Alexia Walenkaki died in a playpark accident at Mile End in 2015 a day before her sixth birthday. Credit: Kwotuah family Credit: Kwotauh Family

An East London council has been fined £330,000 following an inquiry into the death of a five-year old after a swing set collapsed on her.

According to a statement by the Tower Hamlets council, they have been fined £330,000 and are to pay costs of £6,204 for breaching Section 3(1) of the Health and Safety at Work Act (1974).

Alexia Walenkaki was playing on a rope swing in Mile End in East London when the tree trunk holding the equipment fell in 2015. Alexia went into cardiac arrest and died in Royal London Hospital from a head injury sustained from the trunk collapse. The child was using a swing when the supporting log crushed her—in front of her mother.

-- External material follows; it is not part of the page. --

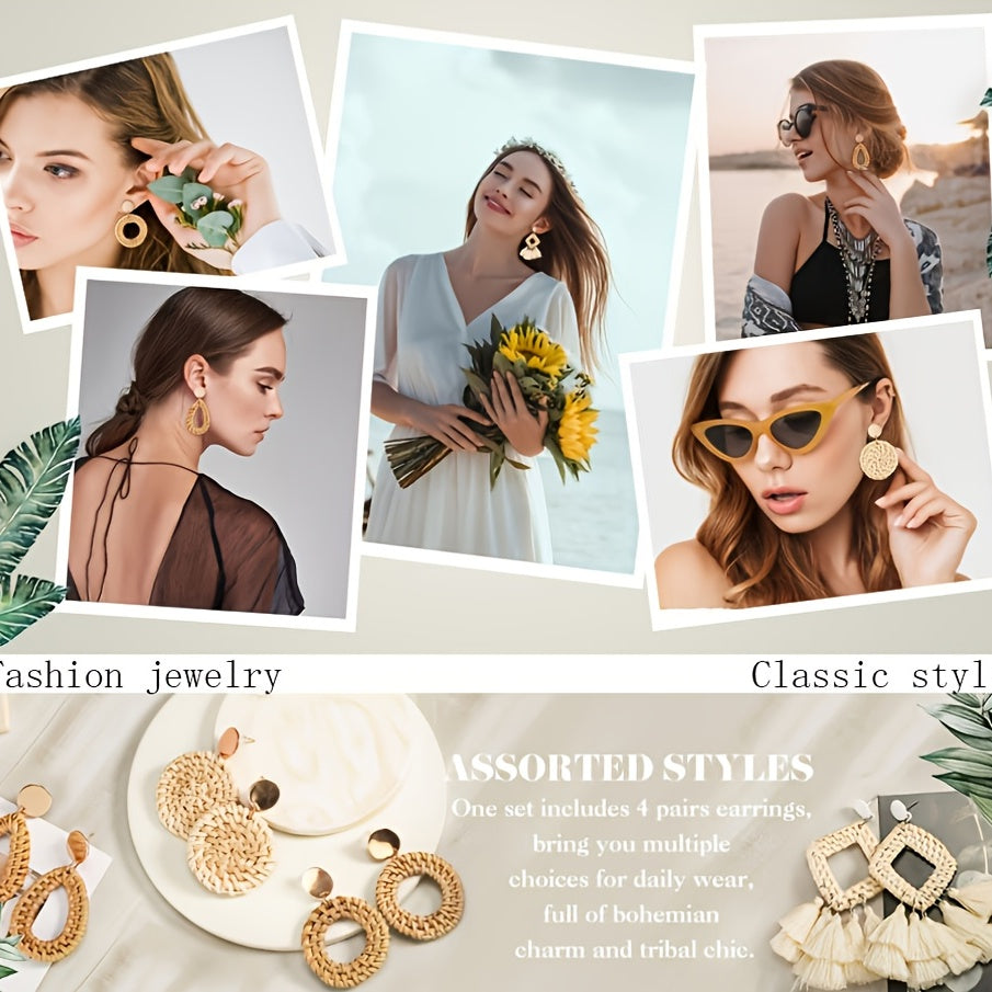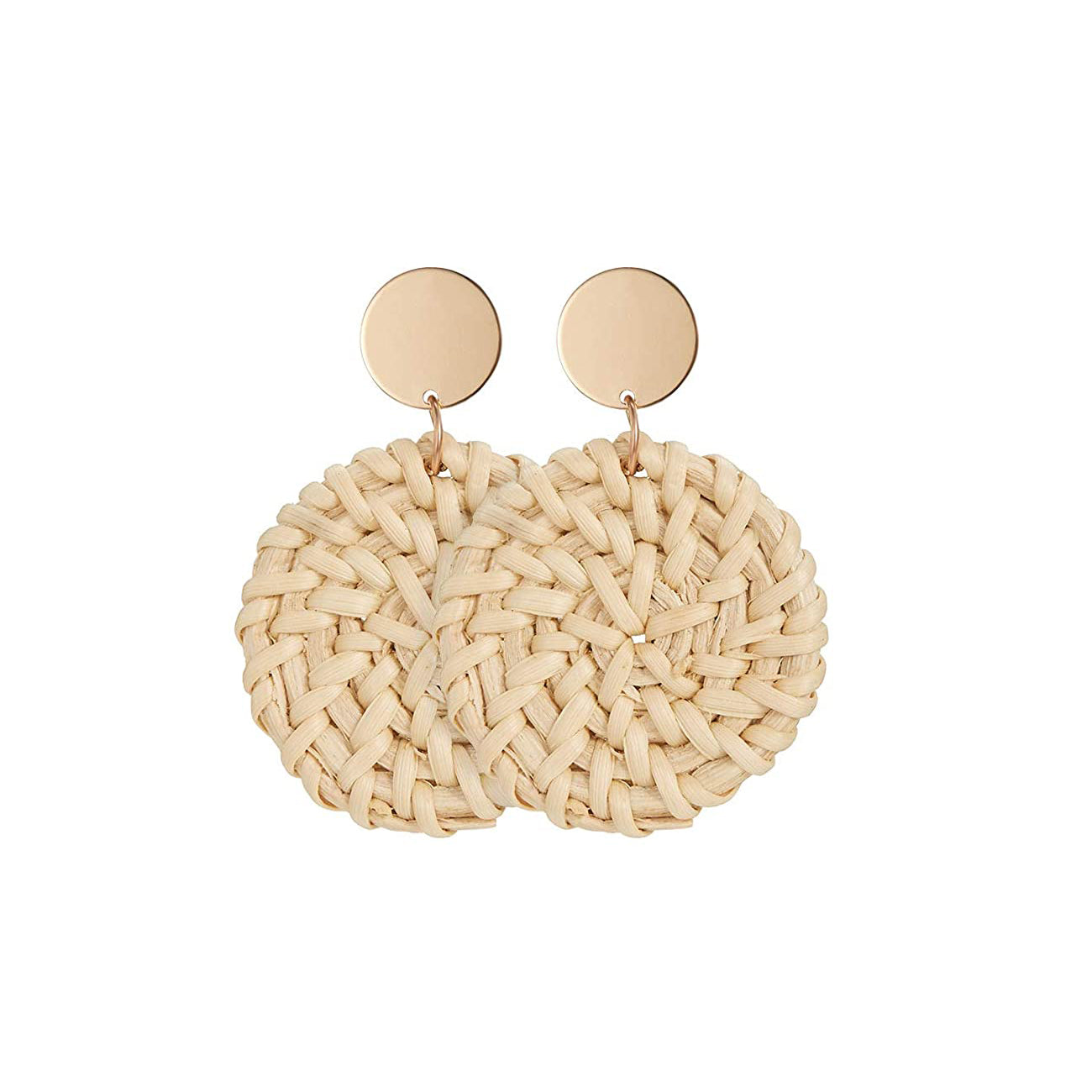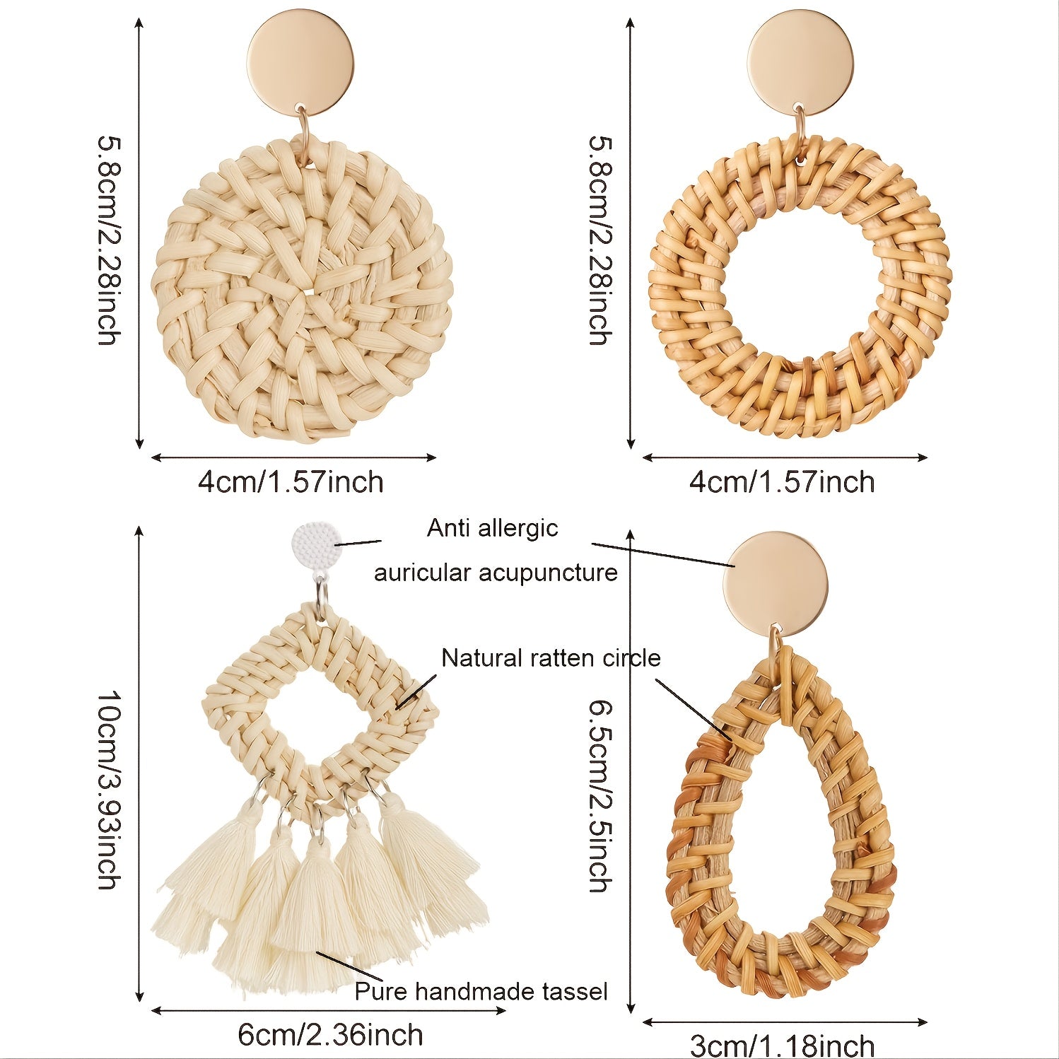 Exude bohemian charm with these rattan geometric pattern earrings featuring tassels. Perfect for adding a touch of woven style to your outfits.

On Wednesday, a court hearing heard Tower Hamlets Council failed to carry out annual safety checks, that would have identified rot within the tree that fell on Alexia. Speaking at a council meeting on Wednesday, Tower Hamlets’ chief executive Will Tuckley said “Alexia should have been kept safe while using Mile End Park. No words can adequately express our regret that she was not.”

“Following Alexia’s death, we immediately made urgent safety checks of equipment at all council-run play facilities,” Will said, “and have brought in a more rigorous system for inspecting and maintaining park play equipment.”

The playpark at Mile End the day after Alexia’s accident in July, 2015. Picture: Mike Brooke
2018 Inquiry Findings

The Crown Prosecution Service had ruled in 2018 that there had been a series of failings by the council. But it would not pursue manslaughter charges against Tower Hamlets council over the child’s death. The inquest found that ‘inappropriate wood’ led to Alexia’s death.

In an article by the BBC, Alexia’s mother Vida Kwotuah said: “After everything they found in this report I just feel it’s not fair. All these wrongs have happened yet nobody prosecuted.”

Speaking after the hearing, HSE inspector Stephron Baker Holmes said: “Those who provide play equipment should ensure it is safe for children. The lack of a suitable playground inspection in the period leading up to this incident has resulted in tragic consequences.”